▶ SUPPLIED DATA
[Start of section]

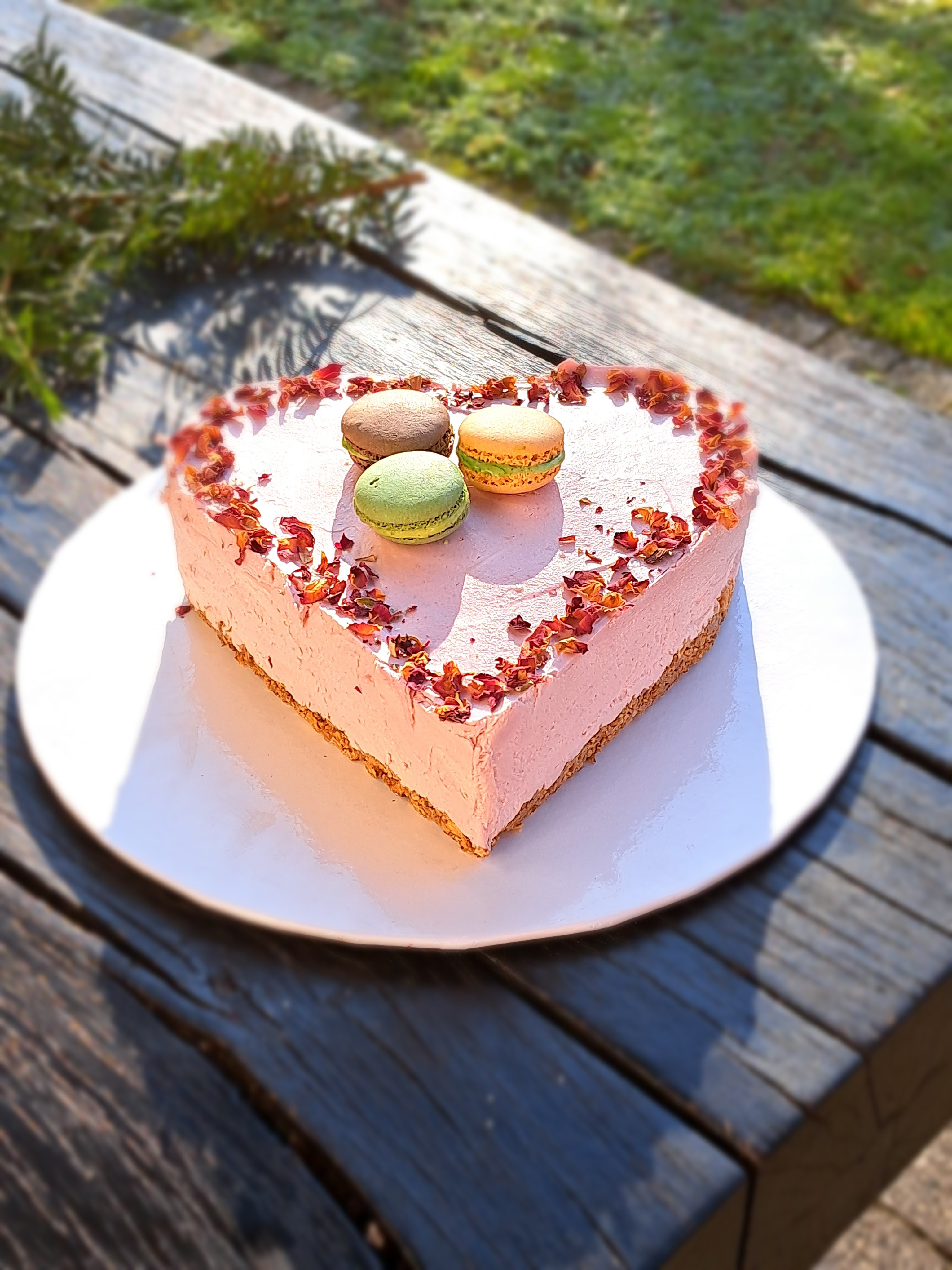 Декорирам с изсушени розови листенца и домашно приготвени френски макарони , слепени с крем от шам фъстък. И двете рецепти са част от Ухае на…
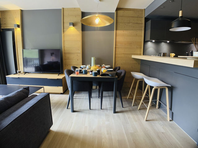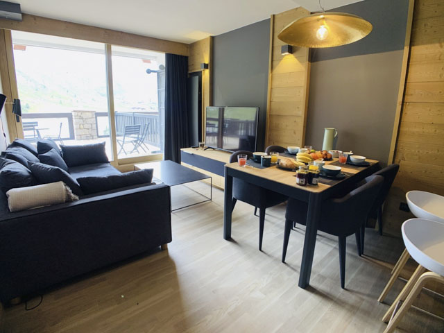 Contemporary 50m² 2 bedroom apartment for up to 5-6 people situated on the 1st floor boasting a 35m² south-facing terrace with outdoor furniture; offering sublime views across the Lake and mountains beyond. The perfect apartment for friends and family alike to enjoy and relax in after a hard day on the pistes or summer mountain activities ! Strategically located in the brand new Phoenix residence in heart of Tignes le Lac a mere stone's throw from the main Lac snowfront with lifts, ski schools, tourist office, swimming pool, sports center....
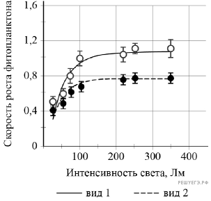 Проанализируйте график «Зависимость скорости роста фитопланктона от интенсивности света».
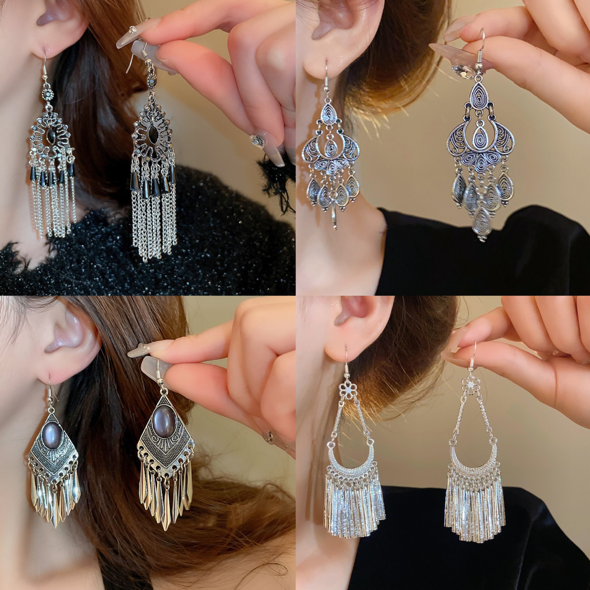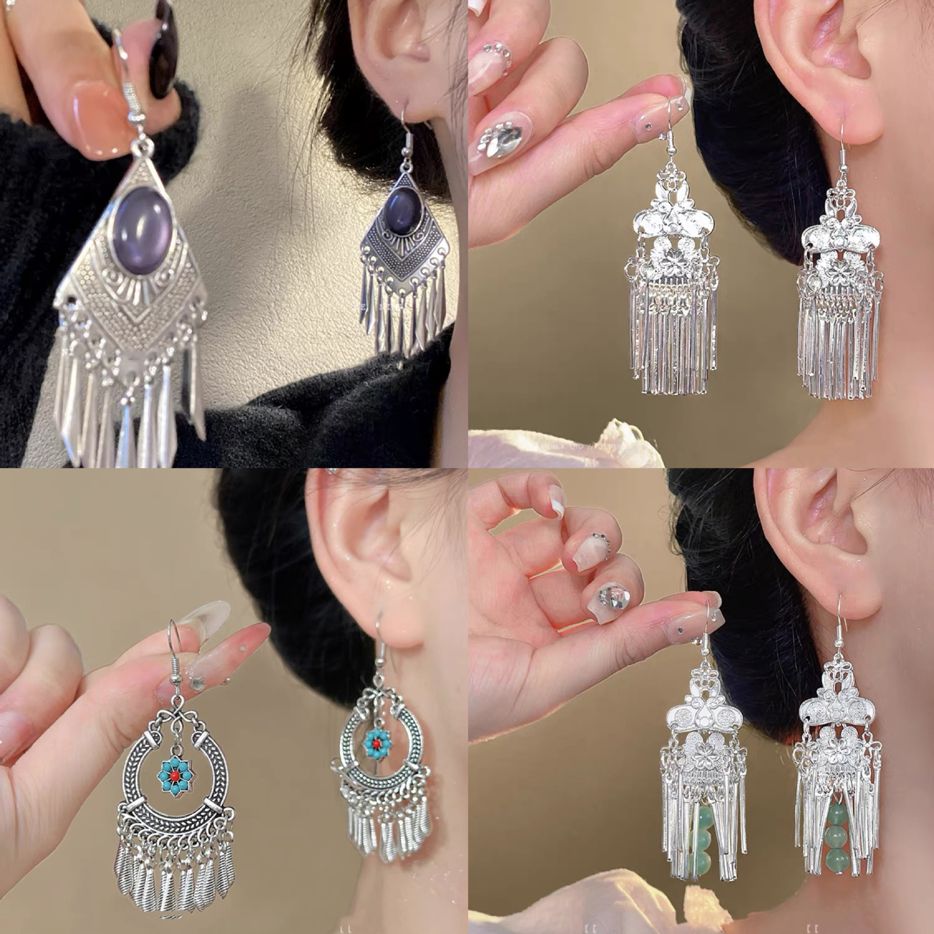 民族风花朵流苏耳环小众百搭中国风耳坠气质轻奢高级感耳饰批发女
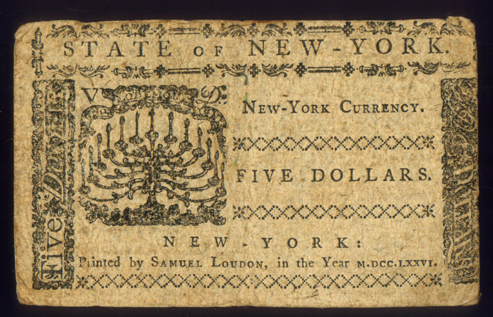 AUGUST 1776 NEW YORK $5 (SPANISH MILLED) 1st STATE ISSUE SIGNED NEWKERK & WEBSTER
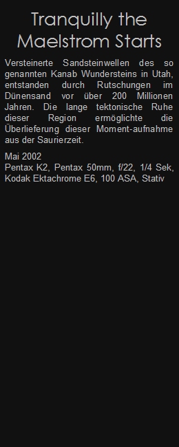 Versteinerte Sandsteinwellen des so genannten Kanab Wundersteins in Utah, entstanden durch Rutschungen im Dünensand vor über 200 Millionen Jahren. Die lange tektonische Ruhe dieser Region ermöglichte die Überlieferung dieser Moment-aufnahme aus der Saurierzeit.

[End of section]

▶ REQUIRED WORK
Pictures aside, reproduce exactly the lines from the one containing "AUGUST 1776 NEW" to the end of the listing above, both ends included.

▶ EXERCISE ANSWER
 AUGUST 1776 NEW YORK $5 (SPANISH MILLED) 1st STATE ISSUE SIGNED NEWKERK & WEBSTER
 Versteinerte Sandsteinwellen des so genannten Kanab Wundersteins in Utah, entstanden durch Rutschungen im Dünensand vor über 200 Millionen Jahren. Die lange tektonische Ruhe dieser Region ermöglichte die Überlieferung dieser Moment-aufnahme aus der Saurierzeit.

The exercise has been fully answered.